Even Hamish was struck by the splendor of the view, and Rutledge turned into a small stony cul-de-sac to look out at the scene. Grasses and marshes covered the land like a rough brown-gold blanket, and a few stunted trees bowed before the wind, on the point of giving up against its force. The grasses moved as if with a will of their own as the wind ran capriciously through them. Here ducks and geese and sea birds owned the silence. A thin line of white at the very fringes of the marshes marked the sea. It was wildly beau iful, and Rutledge thought, Here is something man hasn’t destroyed.

Hamish said, “Aye, but give him time!”

A small falcon rose from the thick grass to fly some twenty yards, then hover with beating wings above its unsuspecting prey. Rutledge watched it swoop, and then take off again with a dark smudge hanging from one claw. A mouse?

The stillness was broken only by the wind sweeping in from the sea, and he thought he had caught the sound of waves rolling in, a deep roar that was felt as much as it was heard, like a heartbeat.
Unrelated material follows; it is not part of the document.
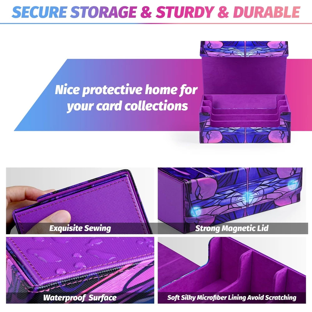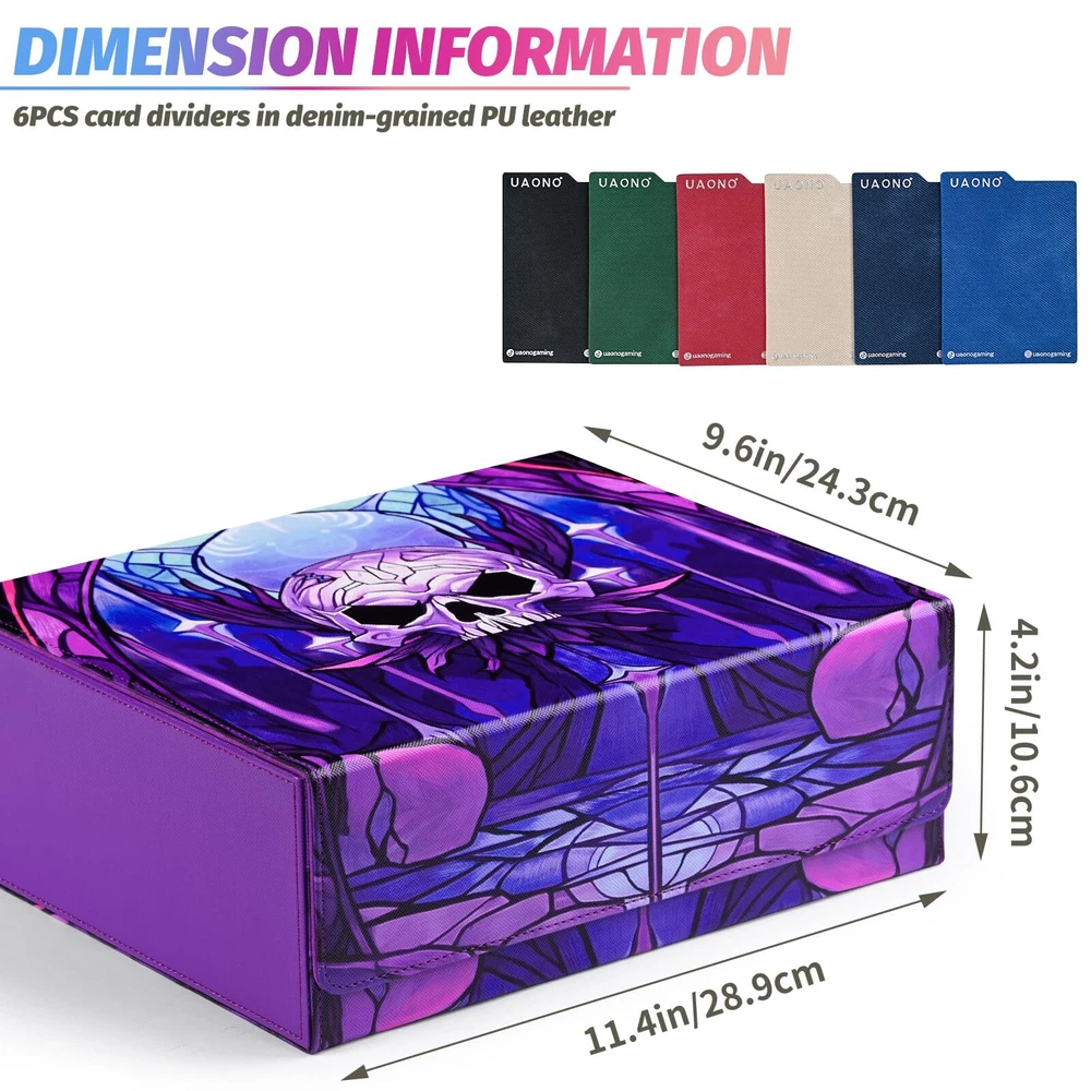 1 Super Large Capacity - The card storage box can easily accommodate over 2400 loose trading cards. It is also suitable for storing 1050+ double-sleeved cards or 1800+ single-sleeved cards, but not compatible with cards in top-loaders or cards held by magnetic card holders. Accessory: 6Pcs card dividers Durable Material - Our trading card box is made of premium leather and soft ultra-fine fiber lining, effectively preventing cards from scratches and keeping them in pristine condition. The high-quality materials and exquisite craftsmanship ensure its extremely long service life. You can enjoy the fun of collecting various favorite gaming cards and sports cards to your heart's content Stylish Appearance with Magnetic Closure - The strong magnetic closure ensures that the card storage box won't open even when shaken hard, preventing cards from falling out. The exterior features a beautiful textured finish, providing not only excellent protection but also adding a touch of style to your cards Versatile Uses - The UAONO card box is sturdy in structure, multifunctional, and offers ample storage space to meet all gaming needs. Perfectly compatible with various collectible card games such as Magic The Gathering, Duel Masters, sports cards, etc. If you need a new card storage solution, this box is definitely an ideal choice Excellent Choice - It is a nice choice for friends and family who enjoy collecting cards, providing a dedicated home for your cards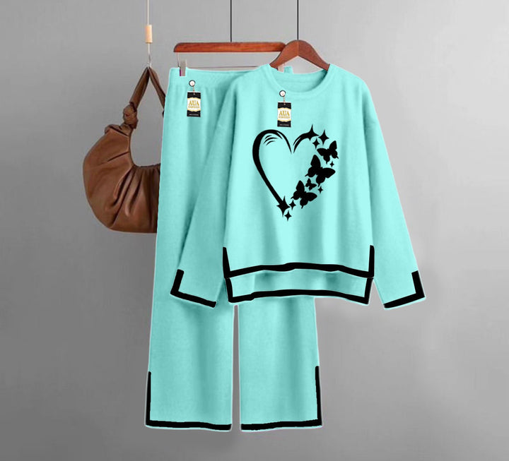 Butterfly Heart Printed Turkish Winter Co-Ord Set for Women - Warm & Stylish Loungewear Sky Blue

The sense of peace was heavy, and the sense of isolation.

A formation of geese, out over the surf, flew like a black arrow toward Osterley.

Following them with his eyes, Rutledge remembered the lines of poetry from which the words had come. They ran through his mind almost without conscious thought: “Across the moon the geese flew, pointing my way, / A black arrow on the wing. / But I was afoot and slow, / And stumbled in the dark. By moonset, I was left, / Alone and sad, still far from the sea…”
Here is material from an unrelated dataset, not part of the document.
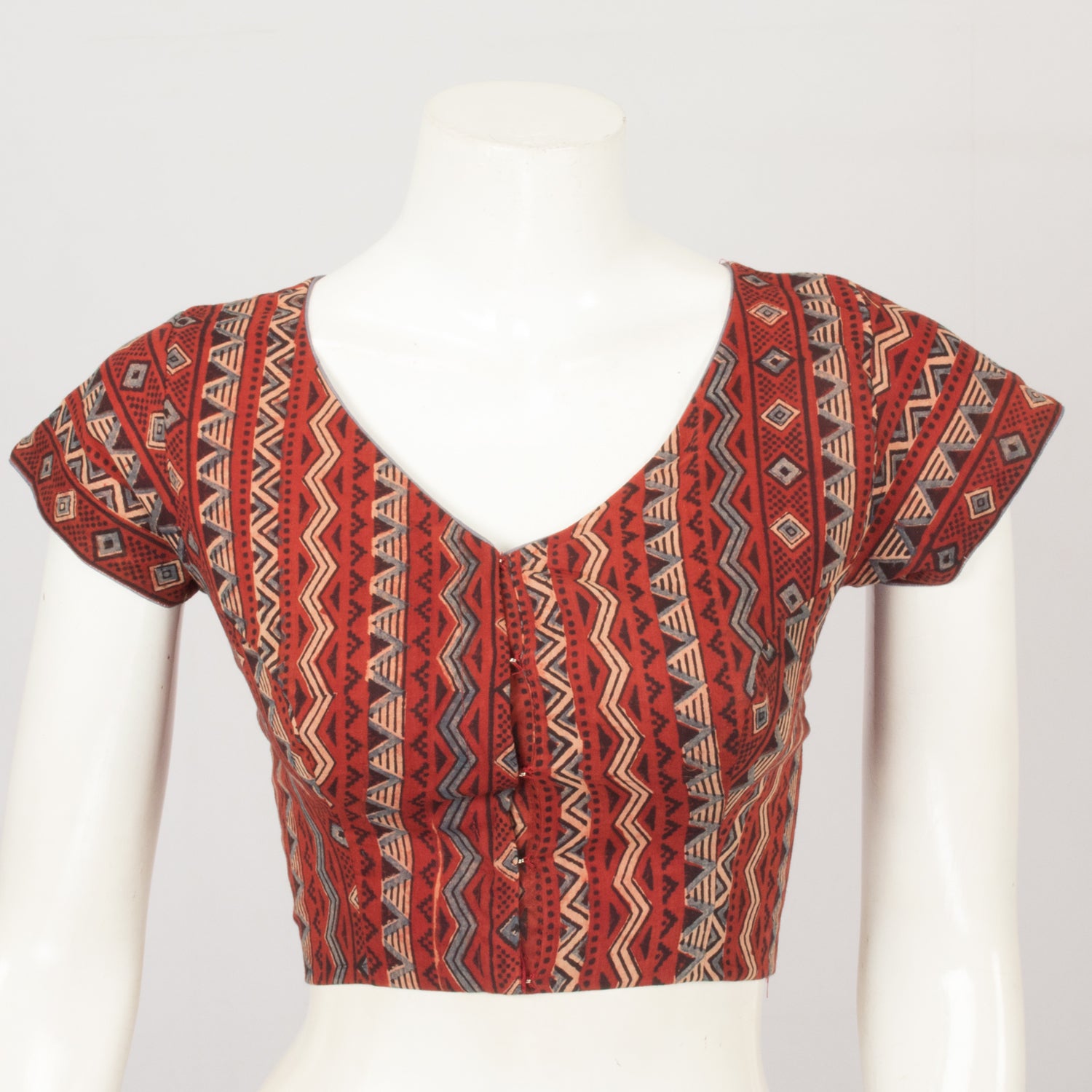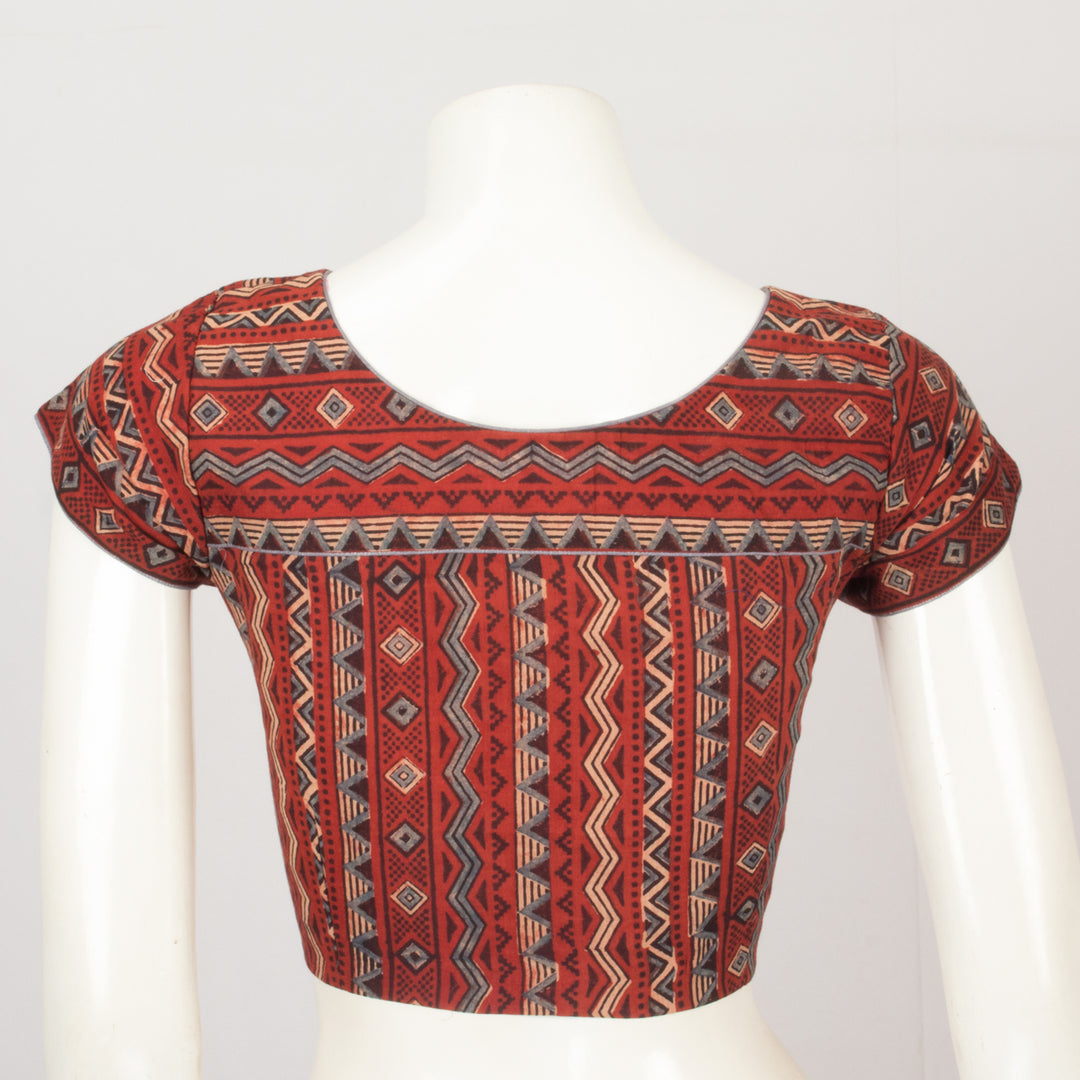 Red Handcrafted Ajrakh Printed Cotton Blouse This one-of-a-kind blouse is crafted with a beautiful Ajrakh print, making it perfect for special occasions or everyday wear.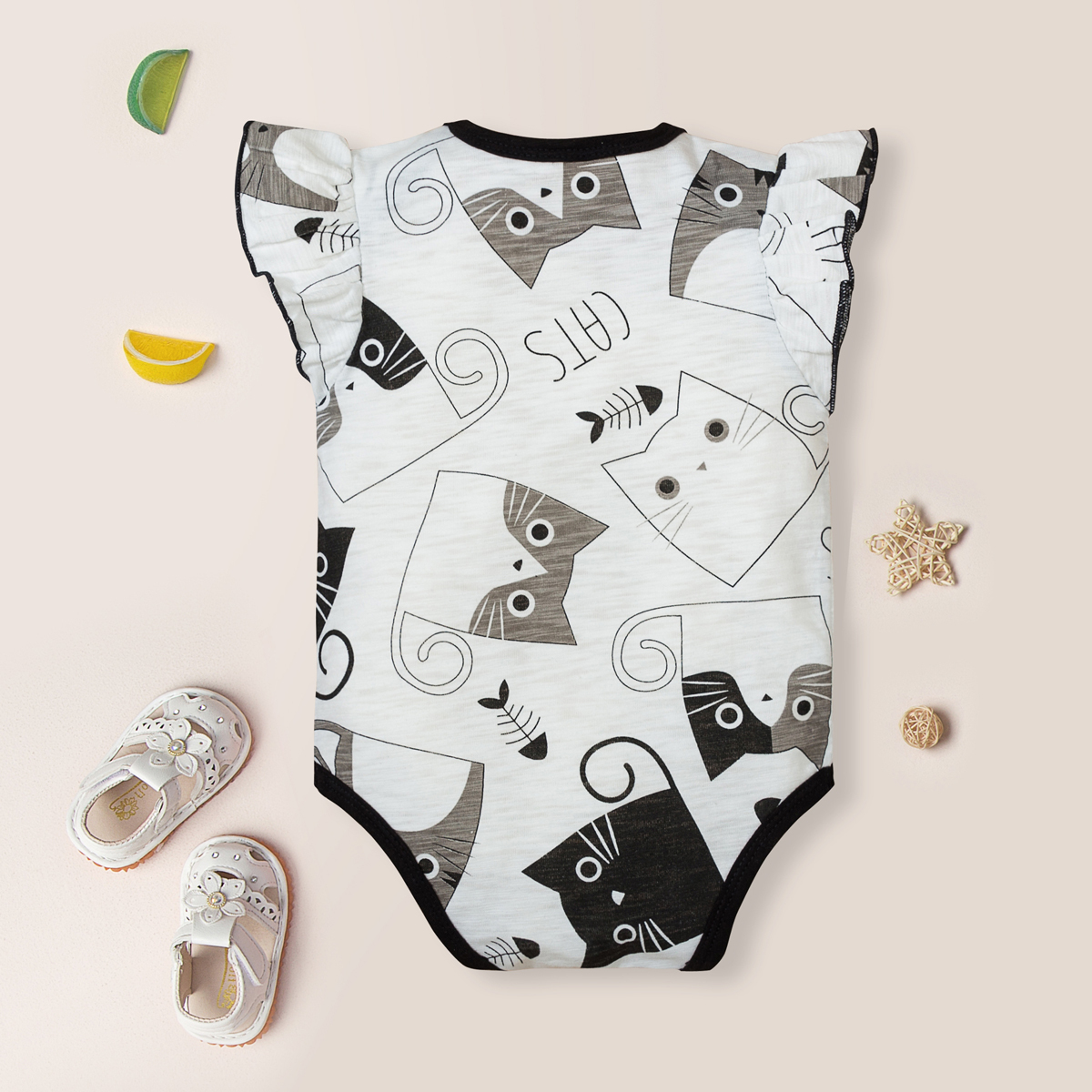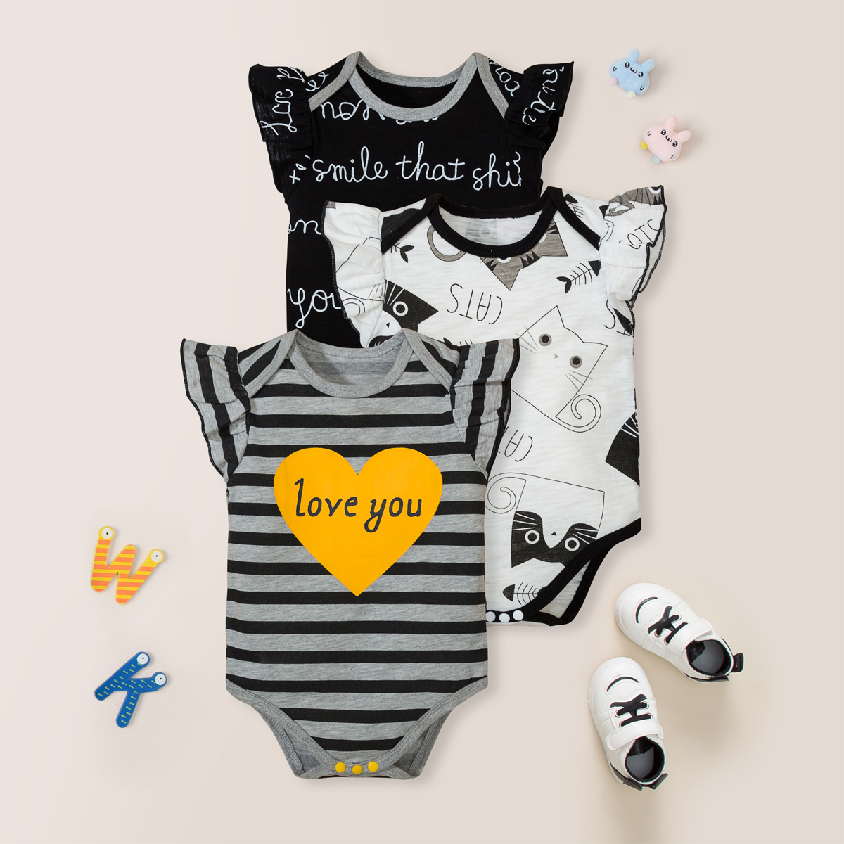 Baby Girl Stripes Heart-shaped Letter Cat Pattern Ruffle-sleeve Bodysuit Wholesale

O. A. Manning had been writing about a man’s desperate struggle against despair.

Here in the marshes, watching the wedge of geese, it seemed to be possible to reach the sea after all… He felt his spirits lift.
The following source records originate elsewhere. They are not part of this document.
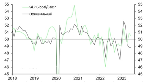Официальные данные и опросы Caixin в обрабатывающей промышленности в прошлом месяце изменились в противоположных направлениях: официальный индекс деловой активности вырос с 48,8 в мае до 49,0 в июне, в то время как индекс деловой активности в обрабатывающей промышленности Caixin снизился с 50,9 до 50,5.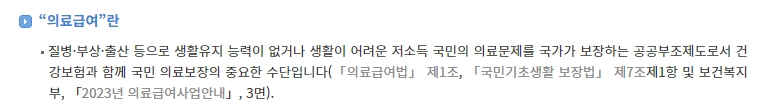 의료급여는 질병, 부상, 출산 등으로 인해 생활유지 능력이 없거나 생활이 어려운 저소득 국민의 의료 문제를 국가가 보장하는 공공부조제도입니다. 이는 건강보험과 함께 국민 의료보장의 중요한 수단입니다.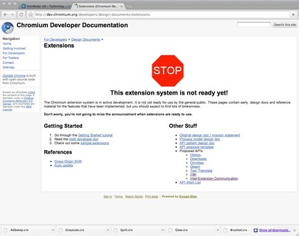 OFFPUTTING: The lack of extensions can put power users off, but there is an API (shown here in Chromium for the Mac) and Chrome will support them soon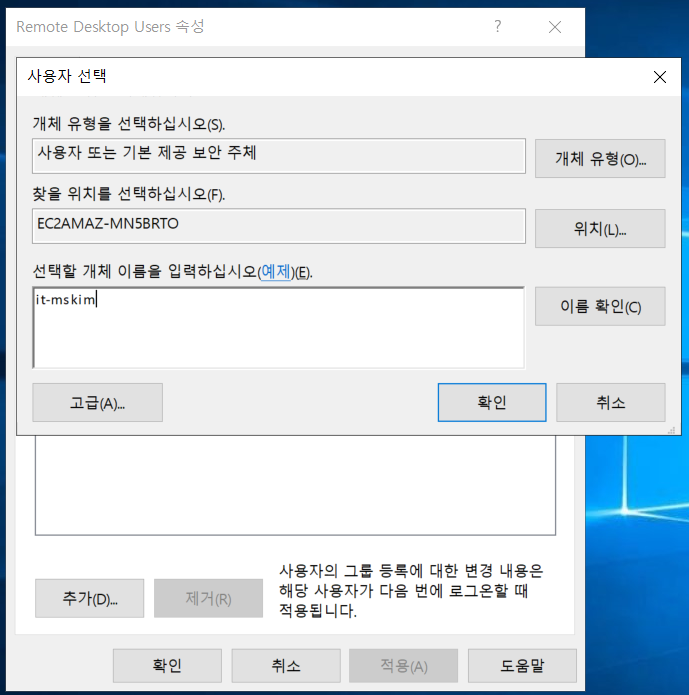 Remote Desktop Users 그룹에 원격접속이 가능한 계정을 추가합니다.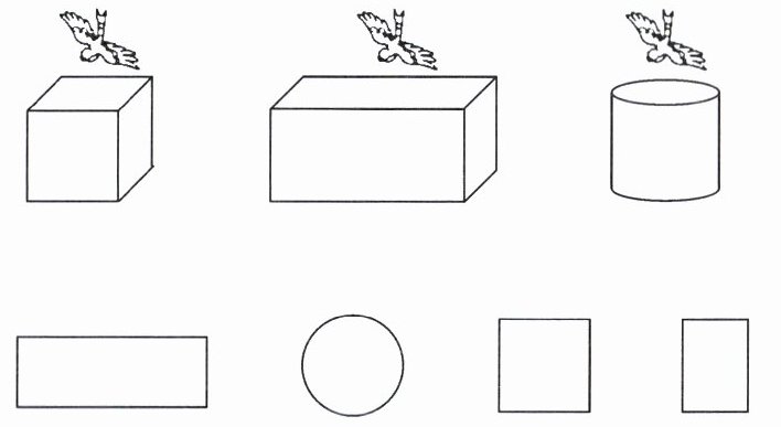 2. 小鸟从上面看立体图形,分别看到了怎样的平面图形?

“Unless,” Hamish told him harshly, “it’s only an illusion…”

CHAPTER 5

IGNORING HAMISH, RUTLEDGE SPENT ANOTHER FIVE or ten minutes there, his eyes scanning the marshes. But now it seemed devoid of life, the spell it had cast broken.

He got out to crank the motor. Under his feet was a bed of stones, white round pebbles that, when split, showed their opaque, flinty core. Many of the towns along the North Sea had been built of such stone, hard and durable at the center.

As the motor came to life and he turned to walk back to the driver’s side, he found himself thinking about Bryony again. The housekeeper had told him that the police had got nowhere. Why had no one in Osterley come forward with information about the priest’s death? It was a crime that any community should instantly condemn, the kind of sudden death that drove people to lock their doors at night and look askance at their neighbors and remember small events that might be pieced carefully together until the puzzle was solved.

“I saw a man…”

“I overheard such and such while waiting to pay my account at the greengrocer’s…”

“Father James told me one day after Mass…”

A village thrived on prying. Privacy was an illusion protected by silence.

Rutledge turned the car once more and went back the way he’d come.

The answer to his question seemed to be that they had no information to give, the residents of Osterley. Or they had closed ranks around the murderer of the priest.

“But that’s no’ likely,” Hamish pointed out.

“Or does it explain why the Bishop called in Scotland Yard?”

Reaching Old Point Road again, Rutledge turned in. The second church was smaller than Holy Trinity, its steeple a slim finger pointing into the gray sky. Built of flint and weathered by the sea winds, it offered a plain face to the world, but seemed to be timeless, after a fashion. A survivor. A black board with gold letters informed him that this was indeed St. Anne’s Roman Catholic Church. The churchyard lay behind it, a low stone wall enclosing the gravestones that over time were slowly encroaching on the building. Another hundred years, Rutledge thought, and the stones would reach the apse.